LC50s are presented as FWC dilutions, SF dilutions, and PF dilutions. The data are averages of four or five experiments, with 95% confidence limits, as determined by probit analysis, in parentheses.
ND, not detectable (spores were not detectable by light and electron microscopy).
As shown in Table 2, the toxic activities of SFs of B. laterosporus 921 and 615 for mosquitoes were approximately 10 and 100 times less, respectively, than those of FWCs and PFs. Using light and electron microscopy, we could not detect any spores in the SFs. These results clearly demonstrated that the mosquitocidal activities of B. laterosporus 921 and 615 were associated with the sporulated cells rather than with soluble factors present in the culture medium during sporulation. Moreover, the low level of mosquitocidal activity of B. laterosporus SF (Table 2), which fails to demonstrate the presence of spores, may reflect the activity of some other soluble factors, e.g., small soluble crystals, rather than the activity of soluble toxins.
The entomopathogenic activities of B. laterosporus 921 and 615 may be due to production of crystalline inclusions similar to those of B. thuringiensis and B. sphaericus. To clarify this question, we analyzed the mosquitocidal activity of purified crystals of B. laterosporus 615.
The results of light and electron microscope analysis have demonstrated the capacity of B. laterosporus 615 to increase the production of crystalline inclusions when it is grown on Nickerson agar instead of Nickerson broth (data not shown).

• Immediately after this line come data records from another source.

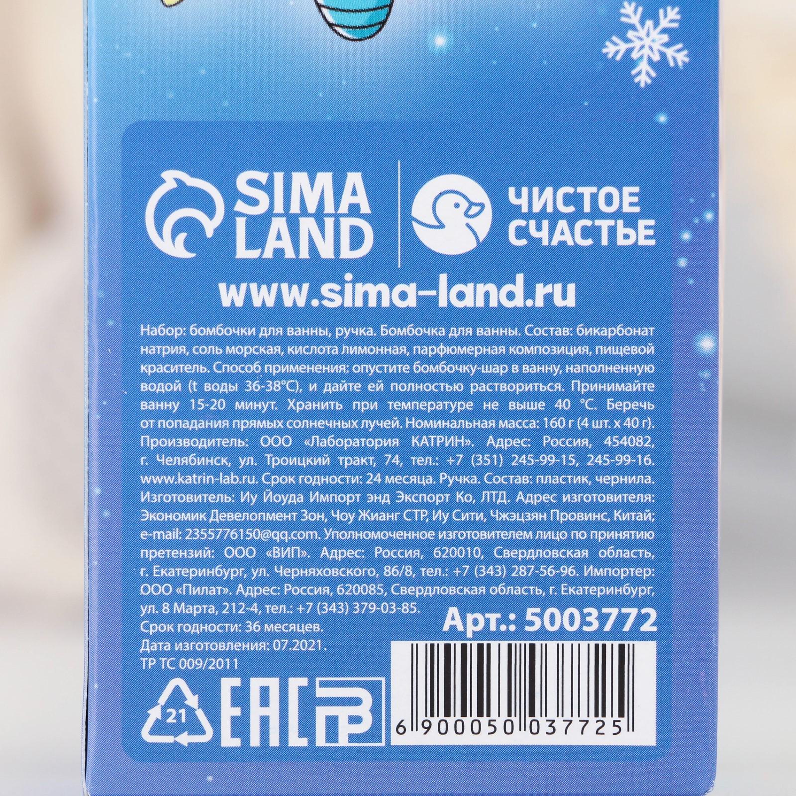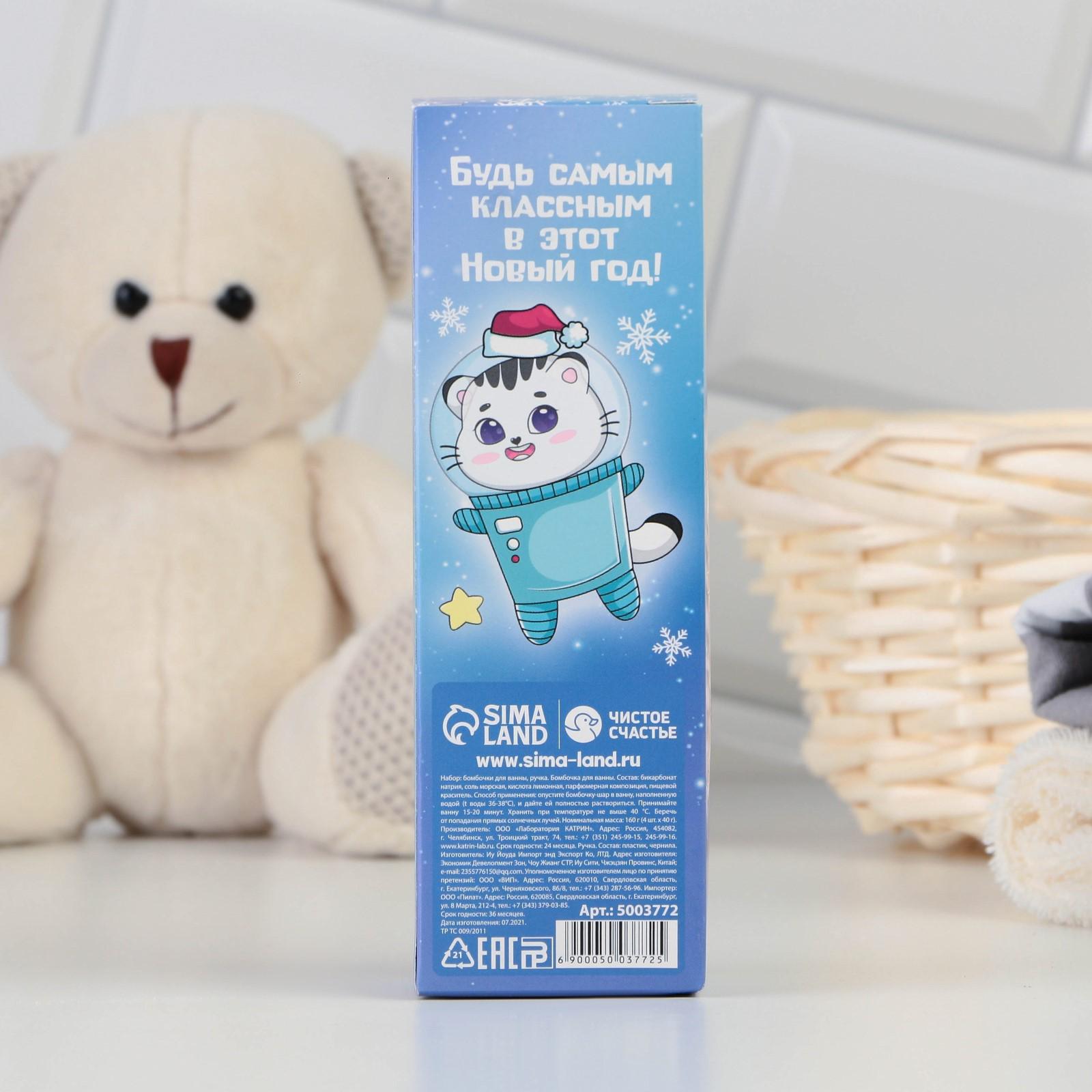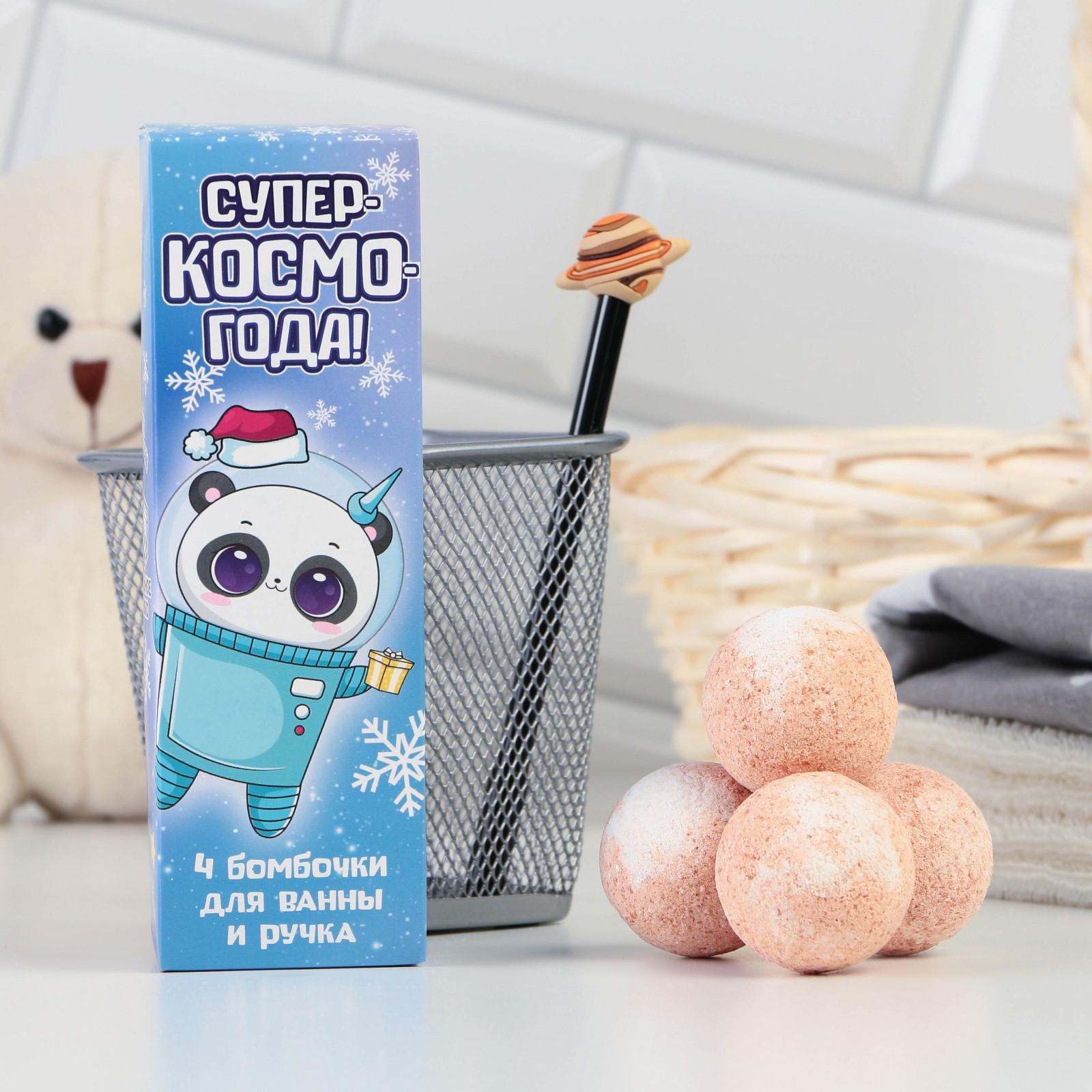 Набор «Супер-КОСМО-года»: бомбочка для ванны 4 шт с ароматом ванили, ручка 5003772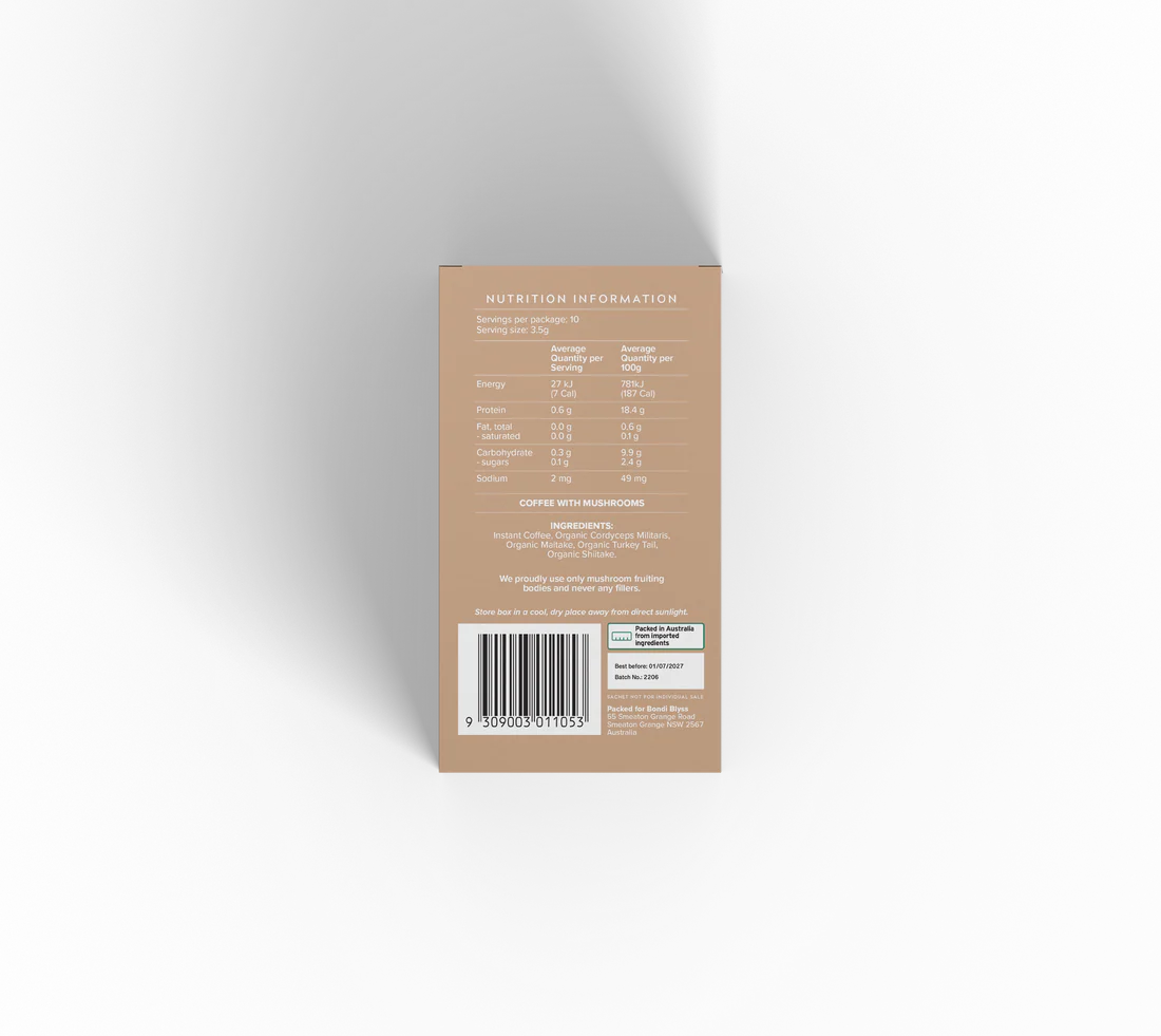 Our premium coffee is enhanced with four potent mushrooms creating a smooth blend with aromas of chocolate nuts and caramel that provides an uplifting, satisfying experience.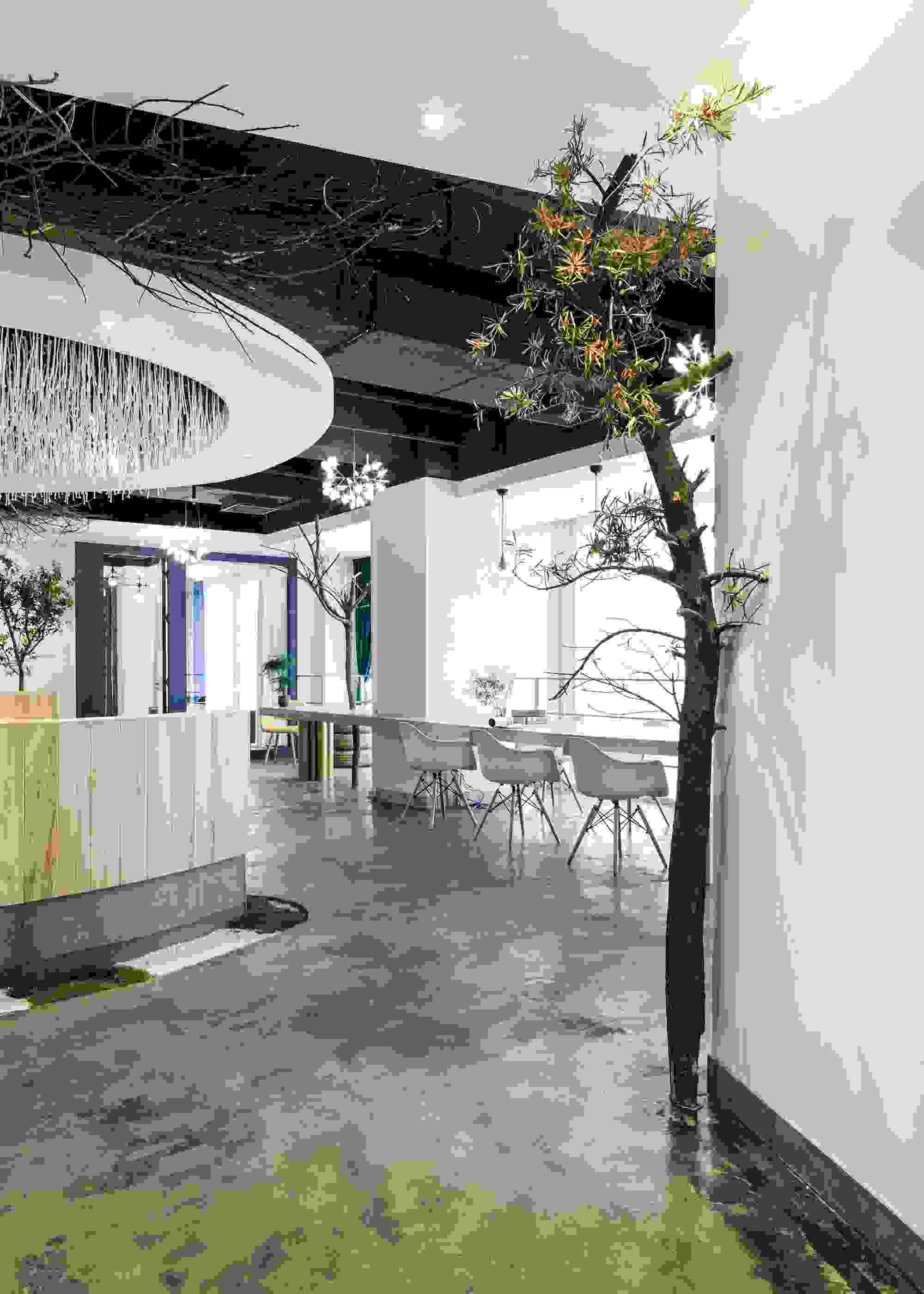 東方的美學(xué)向來是含蓄溫婉的,LOGO墻處的玻璃透景配合自然的竹石,隨著太陽的變化,光影也在不斷的變化,猶如人生。在材料的運(yùn)用上選用的都是一些環(huán)保低碳的天然材料,如樹枝、石竹、枯木、天然原木板,地面則是采用了水泥自流平的方式。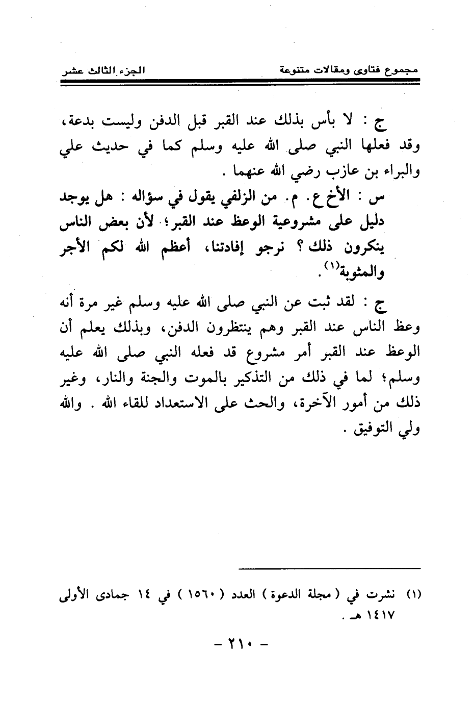 س: الأخ ع. م. من الزلفي يقول في سؤاله: هل يوجد دليل على مشروعية الوعظ عند القبر؛ لأن بعض الناس ينكرون ذلك؟ نرجو إفادتنا، أعظم الله لكم الأجر والمثوبة (¬1) . .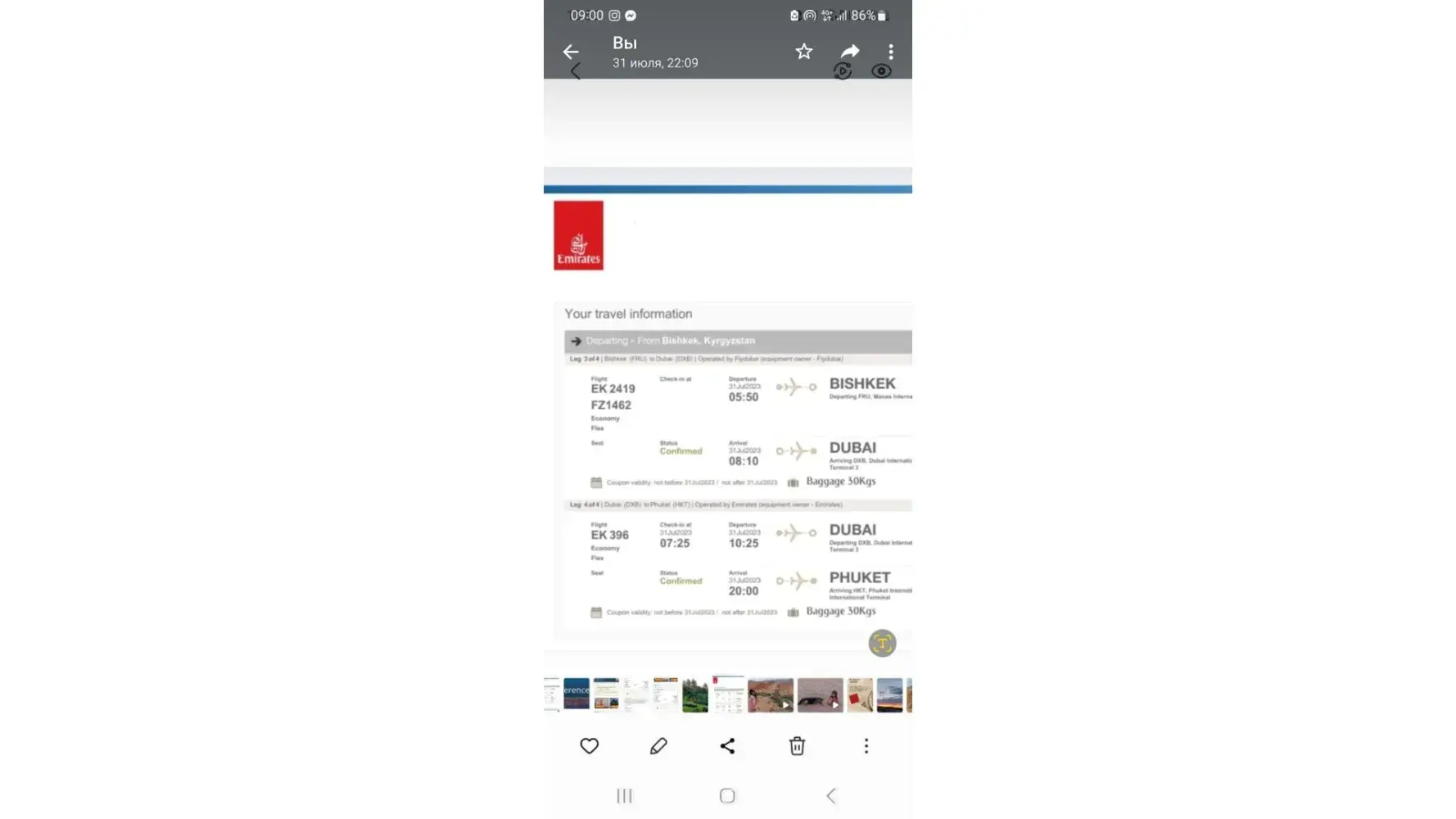 2. EK396 from Dubai to Phuket, Thailand at 10.25 at 31.07 by Emirates.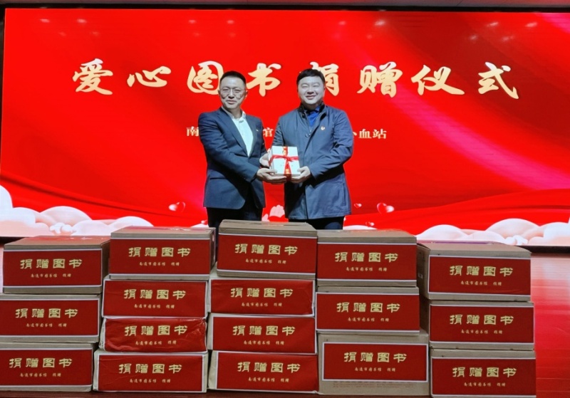 捐赠仪式上,南通市图书馆馆长季丰吉郑重地将爱心图书交到南通市中心血站站长许诚手中,这不仅是书籍的交接,更是爱心与责任的传递。随后,两人共同为“南通市中心血站爱心图书角”揭牌,爱心图书角的落成,如同一座知识的桥梁,为无偿献血者提供了求知与探索的平台,更为无偿献血服务水平的不断提升搭建了新的赛道。

Therefore, the agar medium was used for the production of crystals of B. laterosporus 615. Cells of B. laterosporus 615 were grown overnight at 30°C in Nickerson broth. Thereafter, the overnight culture was spread on 1.8% agar surface plates with Nickerson medium supplemented with d-glucose (1%), methionine (10 μg/ml), and thiamine (10 μg/ml). The plates were incubated at 30°C for 5 to 6 days. The sporulated cells and crystalline inclusions of B. laterosporus 615 were washed out from the agar surface plates by using a small volume of distilled water. The suspensions obtained from each plate were pooled and incubated with 0.02% Triton X-100 for 1 h at 18 to 20°C and then overnight at 5°C. This pretreated suspension of B. laterosporus 615 was sonicated on ice for two 30-s intervals with 30-s pauses at a relative output of 40 kHz with a VCD16-850 sonic disintegrator. The crystalline inclusions of B. laterosporus 615 were purified from spores and cell debris by centrifugation in a nonlinear density gradient of 20, 30, 40, and 50% sodium bromide at 150,000 × g for 2 h at 4°C. The resulting fractions were washed three times, suspended in distilled water, and stored at −20°C. Electron microscopy analysis of the obtained fractions for the presence of spores and crystals was also done. According to the electron microscopy examination, the fraction corresponding to 30% sodium bromide was spore free and contained square crystals without clear corners (Fig. 1). For solubilization of the protein crystals, they were treated with 0.2 M NaOH for 1.5 h at 37°C. The protein concentration in the samples was then measured by the Bradford method (1).
FIG. 1.
Pure crystals of B. laterosporus 615. Flat square crystals lacking clear corners are predominant. Negative staining was with 1% uranyl acetate. Bar, 100 nm.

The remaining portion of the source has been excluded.